(29C) Prime numbers up to 10'000

[C.Ret]

(09-04-2018 06:53 PM)Thomas Klemm Wrote:  This took me a while to figure out.
Here's how to initialize the registers, say for m = 10,000.

4 STO 1 ; 4 instead of 5
10000 STO 2
7 STO 3 ; STO 3 instead of STO 1
200 STO 4

Otherwise register 1 is incremented in line 88 to 6 and then the heap starts there.
But in line 29 it's hard-coded to use register 5.

Good catch! You are right Thomas!

I have now to modify the explanations I gave in the Silicium forum.

Yes, register 5 is "hard coded" to be the root of the min-heap, and I mistakenly indicate to initiate it to 5. I was developing several versions of this code, having great troubles to make it fit into the 99 steps of program memory. A previous version (not published) increase R1 after storing the new square and prime value into register – so I mess up starting value needed in register R1.

Sorry for that and the wrong label for register R3 (I wrote 1 in the text when the correct register number is 3 as draw in the flow-chart). The first prime has to be put in register R3.

You may have spent a few time to figure out the bug! Please accept my apologies. If we meet, please remind me to offer you a large glass of beer (or any local beverage you prefer).

You also perfectly understand the philosophy of this algorithm. I try to reduce the number of tests needed to print the whole list of prims up to 10’000. Detecting prims by trying divisibility factors need a bunch of divisions. As you propose storing prime factor in memory is a great enhancement; the HP-19/29 has enough register to store all prime factors to achieve testing odd integer candidate up to 10’000.

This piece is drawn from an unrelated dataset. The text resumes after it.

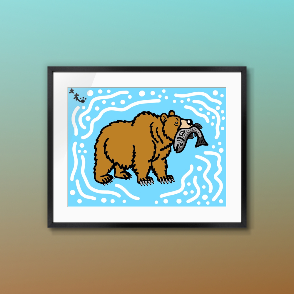 分類:食肉目クマ科/サケ目サケ科 英題:Kodiak Bear and Chinook Salmon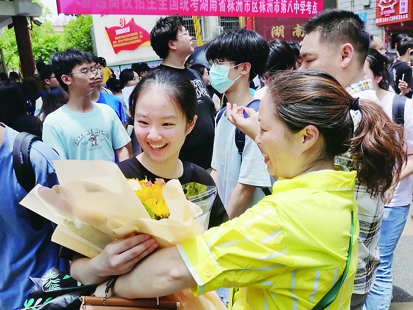 考场外,不少家长还带来了鲜花,为孩子送上美好的祝福和大大的拥抱。

In the same time, filtering candidate to test may reduce the effort. That what you made, generating a sequence {+4 +2 +4 +2 +4 +2 … } drastically reduce the number of composite candidates not prime. Unfortunately, detecting prime by successive factor divisibility is most efficient for composite (multiple) numbers; as soon as a divisor is found, we jump to next candidate. For prime, we must test all the possible factors along (i.e. up to the square root); no shortcut to next candidate.

Using a more sophisticated sequence, such as the one I have used ( i.e. {+4 +2 +4 +2 +4 +6 +2 +6 …} ) don’t help much; it reduce only by a few the “composite candidates” which are easy to detect and keep all the “long-testing true prime candidates” for divisibility tests.

This observation lead me to try to find another way for detecting prims. A way which may be as simple as a test. If the HP-19/29 had have more than 10’000 registers a sieve of Eratosthene may have been a easy way. So I look around to see if other sieve or tricky algorithms may help.

The sieve of Sundaram appears to be especially adapted as far as an adapted data structure can be bring out. As you correctly explain, we can't store in registers all the multiples tables produced by Sundaram’s algorithm. We only need to store the first value of all the sequences generated for each factor. We don’t need more register than for the divisibility testing method. But we need a convenient way to keep track of progress and to always know what the minimal value is. This can be a challenge and can ruin the effort.

A data structure can be of great advantage here, since it allows keeping track of minimum value with an optimal number of tests. The min-Heap structure is maintained so that his root (register 5) always contains the minimal composite candidate generated by any of the already encounted primes. Please note that this data-structure was only invented a few years before the HP-19C was built. Implementing a min-Heap in the HP-19/29 in 1972 may have been consider as really top new technology (Tip top Hype ! What was the words at this time ?)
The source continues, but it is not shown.